## Task brief
The response should be the records below, repeated exactly, with each picture left out.

*** Begin section ***

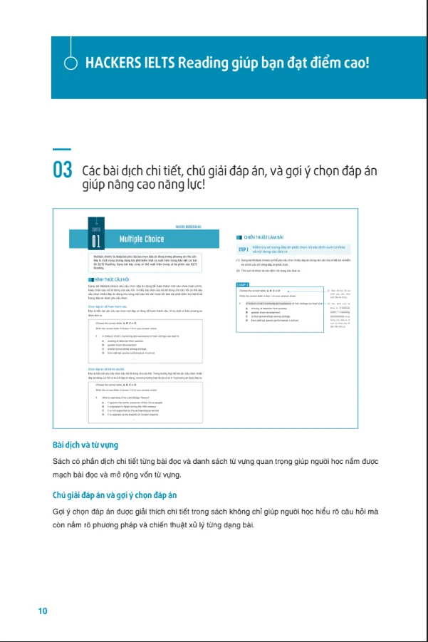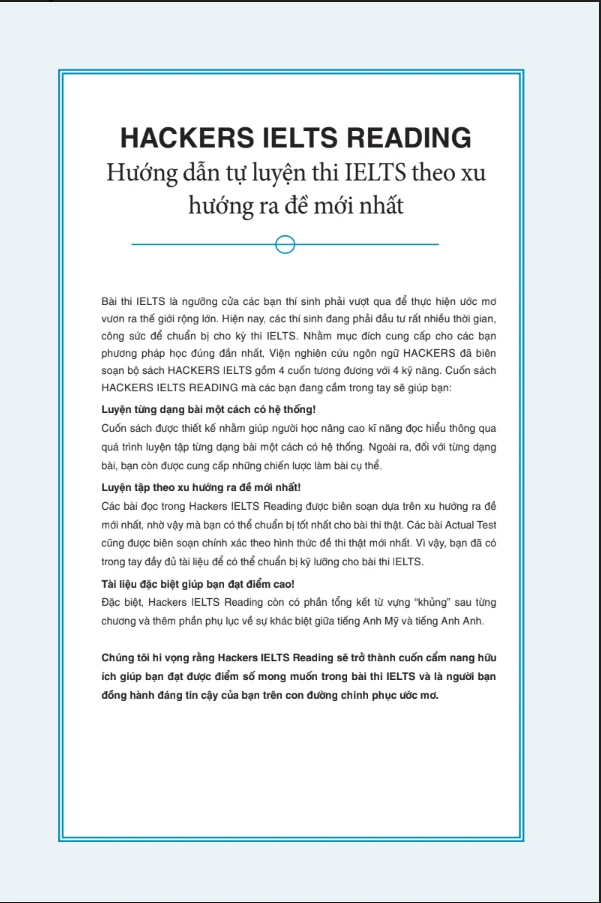 - Hackers IELTS Reading - Cuốn sách được thiết kế nhằm giúp người học nâng cao kỹ năng đọc hiểu thông qua quá trình luyện tập từng dạng bài một cách có hệ thống. Ngoài ra, đối với từng dạng bài, bạn còn được cung cấp những chiến lược làm bài cụ thể. Các bài đọc trong Hackers IELTS Reading được biên soạn dựa trên xu hướng ra đề mới nhất, nhờ vậy mà bạn có thể chuẩn bị tốt cho bài thi thật. Các bài Actual Test cũng được biên soạn chính xác theo hình thức đề thi thật mới nhất. Đặc biệt, Hackers IELTS Reading còn có phần tổng kết từ vựng "khủng" sau từng chương trình và thêm phần phụ lục về sự khác biệt giữa tiếng Anh Mỹ và tiếng Anh Anh.
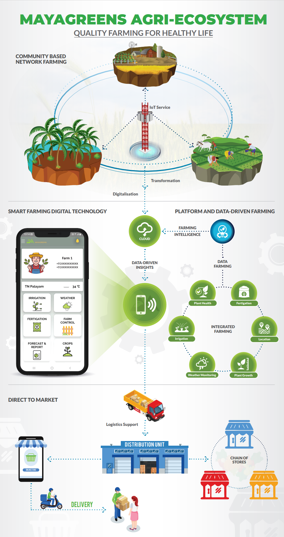 - Building a community and enabling a comprehensive network for farmers through Mayagreens’ IoT-based products;
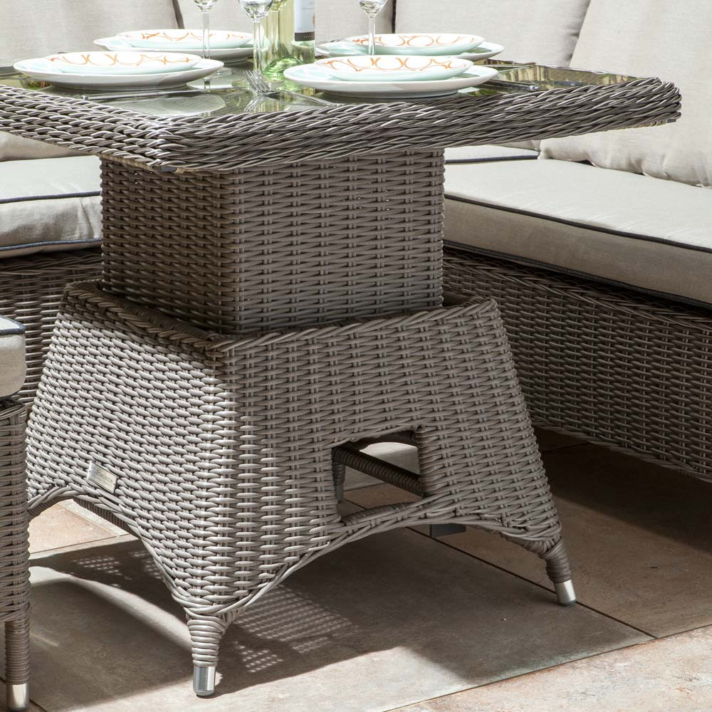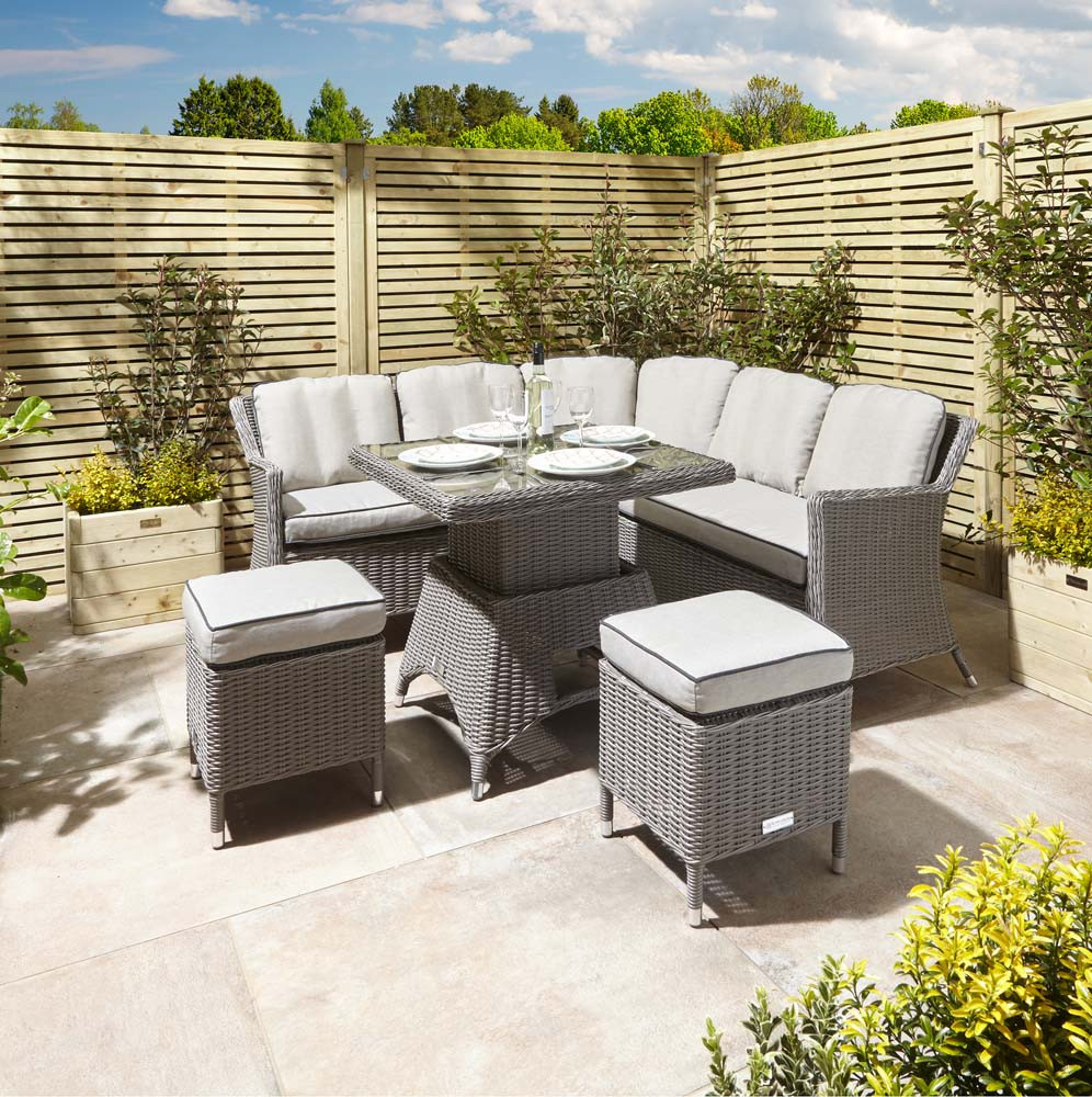 Featuring a large corner sofa, a height-adjustable table and two cushioned stools, this dining set has more than enough room to seat up to six friends or family members, whilst also maintaining a compact design that will not take up to much of your valuable outdoor space.
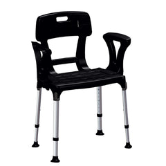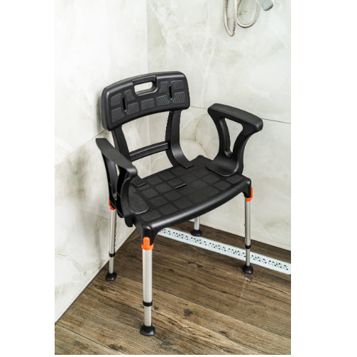 King Shower Seat with Back & Armrests – Black / Grey Cushion
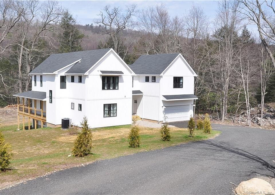 This one of a kind, Contemporary Colonial built less than 1 year ago is situated on 2 acres of desirable land with beautiful views of Cherry Brook. Walking in, you’re greeted with 9’ ceilings and an abundance of natural light in a spacious entryway with farmhouse style built-ins and a bright powder room. The custom kitchen boasts a black leathered granite island, white quartz countertops, high-end Cafe appliances, 2 sinks, pantry cabinet, and a wine refrigerator. The kitchen opens up to the great room with a 28’ wall of windows and a vaulted, beamed ceiling with a modern wagon wheel chandelier. 3 sliding doors lead to approximately 90ft of wrap around porch where you can relax and hear the brook. Back through the expansive entry hall you will find the first floor primary bedroom with ensuite bath. Up the bright double stairs is the impressive loft with wet bar that overlooks the great room and treetops. Here, upstairs you’ll find 3 additional bedrooms and another full bathroom with a double vanity. Other features include but are not limited to, recessed lighting throughout, 3 zone central heating/AC, a new well with triple water filtration system, Anderson windows, a bonus shed attached to the garage, and an additional 800sqft of walk out basement space. Conveniently located just minutes from Collinsville, the Canton Shoppes, Cherry Brook Elementary, Route 202 and 44.
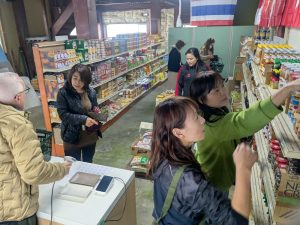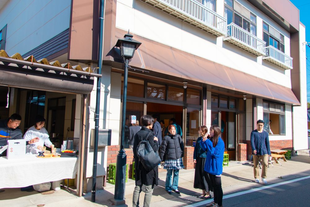 まちづくりや関係人口創出に取り組む(一社)小布施まちイノベーションHUBは8日、来春オープン予定の複合施設「往おうらい来」で交流イベント「まちあい〜食べる・話す・聞く・歩く〜」を開催した。町民から観光客など約100人が訪れた。
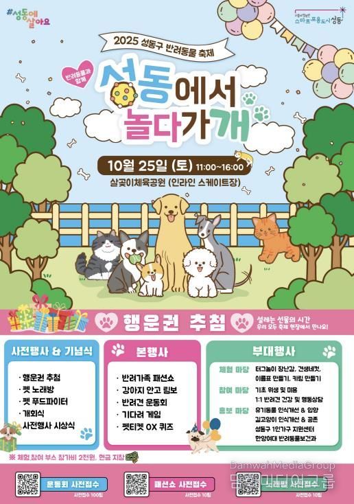 시민행정신문 이존영 기자 | 서울 성동구는 오는 25일 살곶이체육공원 인라인스케이트장에서2025 성동구 반려동물 축제 ‘성동에서 놀다가개’를 개최한다.
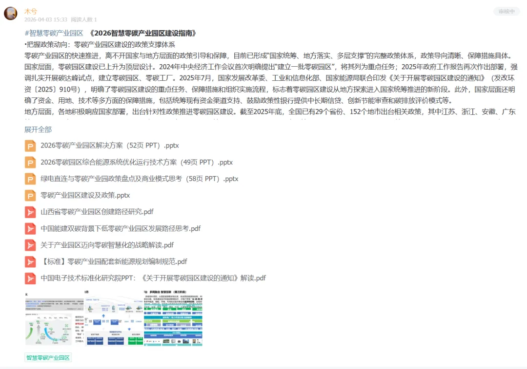 (【数智行业·领地】星球,搜索“智慧零碳园区”标签方案完整版)苹果用户公众号回复“1”加木兮或者直接加木兮(MuxiYuebao0920),加入星球~
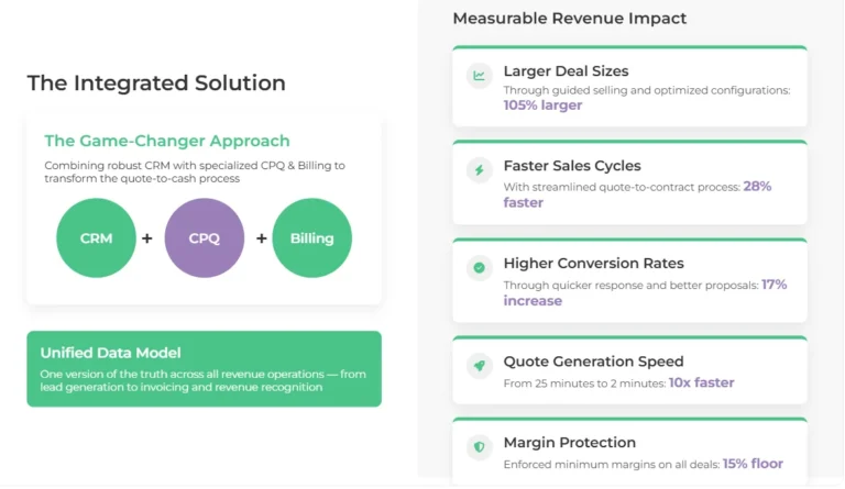 - Combined Impact: When properly integrated, these systems create a unified revenue engine that captures relationship intelligence from CRM and converts it into accelerated revenue through CPQ automation.

*** End section ***

## Problem solution
 - Hackers IELTS Reading - Cuốn sách được thiết kế nhằm giúp người học nâng cao kỹ năng đọc hiểu thông qua quá trình luyện tập từng dạng bài một cách có hệ thống. Ngoài ra, đối với từng dạng bài, bạn còn được cung cấp những chiến lược làm bài cụ thể. Các bài đọc trong Hackers IELTS Reading được biên soạn dựa trên xu hướng ra đề mới nhất, nhờ vậy mà bạn có thể chuẩn bị tốt cho bài thi thật. Các bài Actual Test cũng được biên soạn chính xác theo hình thức đề thi thật mới nhất. Đặc biệt, Hackers IELTS Reading còn có phần tổng kết từ vựng "khủng" sau từng chương trình và thêm phần phụ lục về sự khác biệt giữa tiếng Anh Mỹ và tiếng Anh Anh.
 - Building a community and enabling a comprehensive network for farmers through Mayagreens’ IoT-based products;
 Featuring a large corner sofa, a height-adjustable table and two cushioned stools, this dining set has more than enough room to seat up to six friends or family members, whilst also maintaining a compact design that will not take up to much of your valuable outdoor space.
 King Shower Seat with Back & Armrests – Black / Grey Cushion
 This one of a kind, Contemporary Colonial built less than 1 year ago is situated on 2 acres of desirable land with beautiful views of Cherry Brook. Walking in, you’re greeted with 9’ ceilings and an abundance of natural light in a spacious entryway with farmhouse style built-ins and a bright powder room. The custom kitchen boasts a black leathered granite island, white quartz countertops, high-end Cafe appliances, 2 sinks, pantry cabinet, and a wine refrigerator. The kitchen opens up to the great room with a 28’ wall of windows and a vaulted, beamed ceiling with a modern wagon wheel chandelier. 3 sliding doors lead to approximately 90ft of wrap around porch where you can relax and hear the brook. Back through the expansive entry hall you will find the first floor primary bedroom with ensuite bath. Up the bright double stairs is the impressive loft with wet bar that overlooks the great room and treetops. Here, upstairs you’ll find 3 additional bedrooms and another full bathroom with a double vanity. Other features include but are not limited to, recessed lighting throughout, 3 zone central heating/AC, a new well with triple water filtration system, Anderson windows, a bonus shed attached to the garage, and an additional 800sqft of walk out basement space. Conveniently located just minutes from Collinsville, the Canton Shoppes, Cherry Brook Elementary, Route 202 and 44.
 まちづくりや関係人口創出に取り組む(一社)小布施まちイノベーションHUBは8日、来春オープン予定の複合施設「往おうらい来」で交流イベント「まちあい〜食べる・話す・聞く・歩く〜」を開催した。町民から観光客など約100人が訪れた。
 시민행정신문 이존영 기자 | 서울 성동구는 오는 25일 살곶이체육공원 인라인스케이트장에서2025 성동구 반려동물 축제 ‘성동에서 놀다가개’를 개최한다.
 (【数智行业·领地】星球,搜索“智慧零碳园区”标签方案完整版)苹果用户公众号回复“1”加木兮或者直接加木兮(MuxiYuebao0920),加入星球~
 - Combined Impact: When properly integrated, these systems create a unified revenue engine that captures relationship intelligence from CRM and converts it into accelerated revenue through CPQ automation.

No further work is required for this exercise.